Это означало, во-первых, огромный страх – я должен был отказаться от всех сил, которыми нормально обладал. Прежде всего я должен был отказаться от чувства, от аффекта активности. Я должен был допустить – что казалось ужасным – ощущение пассивности. Сначала я нашел это унизительным смирением себя – активного, мужественного, решительного, каким я видел себя в своей науке, обладающего самоуважением, разумом… а потом каким-то таинственным образом я начал меняться – допускать и приветствовать этот отказ от активности. Начал я замечать эту перемену на третий день неизвестности.

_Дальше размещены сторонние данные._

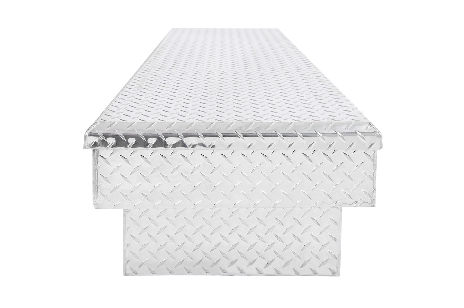 Dee Zee Tool Box - Red Label Single Lid Crossover. Constructed of heavy duty Brite-Tread aluminum. Crown style lid with a full pan double-V stiffener for superior rigidity. Other features: lockable stainless steel paddle handles, dampened gas shocks, closed cell foam gasket, and self-adjusting strikers. Removable plastic tool tray to help keep small items organized.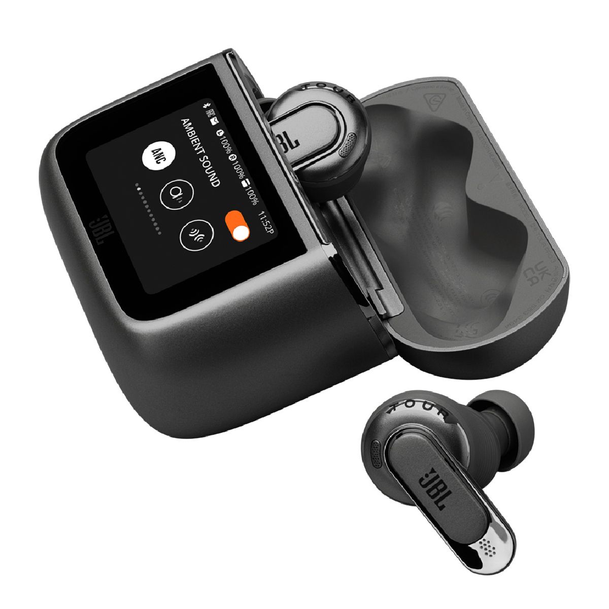 讓手機安心待在口袋。 JBL Tour Pro 3 全新設計的智慧充電保護盒 Smart Charging CaseTM 擁有您所需的所有功能,支援多種語言,讓您直接從充電盒上全面控制和自訂聆聽體驗及耳塞設定。使用更大、更清晰的 1.57 吋觸控屏,查看正在播放的歌曲或來電訊息,還可以用您喜歡的照片個性化設定觸控螢幕。直接存取您的 Spotify 帳戶,查看時間,或設定鬧鐘。查看動態鎖定屏,取得電池狀態、時間、訊息等資訊。

Душе потерянной, смущенной, погруженной во тьму долгой ночи, не могли помочь ни карта, ни разум, способный карту начертить. Не было пользы и от темперамента картографа – «сильного, мужественного, предприимчивого, бдительного и активного» (как писал современник о капитане Куке). Эти качества могли пригодиться позднее, но в данный момент их не к чему было приложить. Мое состояние во тьме ночи было состоянием пассивности, интенсивной, абсолютной, решающей пассивности, при которой действие – любое действие – было бесполезным и отвлекающим. Моим девизом в это время стало «Быть терпеливым и выносливым, ждать. Ничего не делать, не думать». Какой же трудный, какой парадоксальный это был урок!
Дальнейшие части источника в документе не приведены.